Anthroposophy at present lingers largely in a rather passive and sentimental form. If the hundred-year mark means anything, its meaning would be to see where ghosts can be laid to rest (anthroposophy, as if stuck in a graveyard, needs to be awoken like a sleeping beauty from enchantment)—and to be brave, to seek out those with whom we can work to further develop living spiritual work, and to leave the archival and proselytizing work for those who perhaps need it more in this life.
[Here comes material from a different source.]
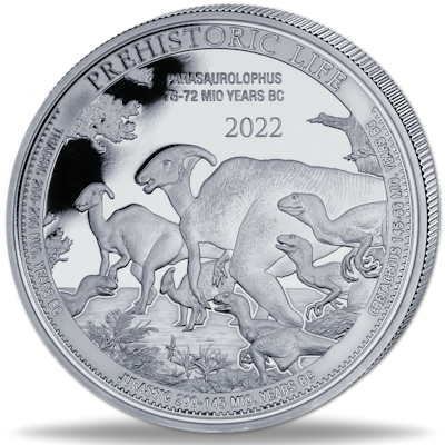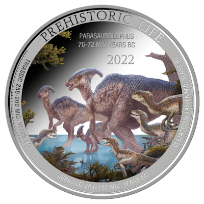 Mit der 9. Ausgabe Parasaurolophus wird die Serie Prähistorisches Leben fortgesetzt. Die Münze ist aus reinstem 9999er Feinsilber in der Prägequalität Stempelglanz geprägt und auf jeweils nur 10.000 Stück weltweit streng limitiert. Die Auslieferung erfolgt einzeln gekapselt. Die Ausgabe ist beim Hersteller bereits komplett ausverkauft und musste zugeteilt werden. |

2 Words stated by Rudolf Steiner in devastation after the fire.

Perhaps we might think of the butterfly meditation 3 that Steiner gave shortly after the fire, and transform it dynamically so as to imagine the new. After the chrysalis, over the tragic ruins, out from the fire arises a phoenix.

Richard Cooper was born in the United Kingdom, and later studied history, social work, and psychology. He moved to Switzerland in 2002, and continued anthroposophical study in fine art, philosophy, poetry, eurythmy, and geopolitics. In 2023, together with The First Class Esoteric Youth Circle of 12 (with an initiative named Anthroposophicum), he started an online social initiative for meditation and anthroposophical research (with participants from Ukraine, Europe, and the United States).

3 The “Falter” Meditation in German. See Freemasonry and Ritual Work (SteinerBooks, 2007), GA 265.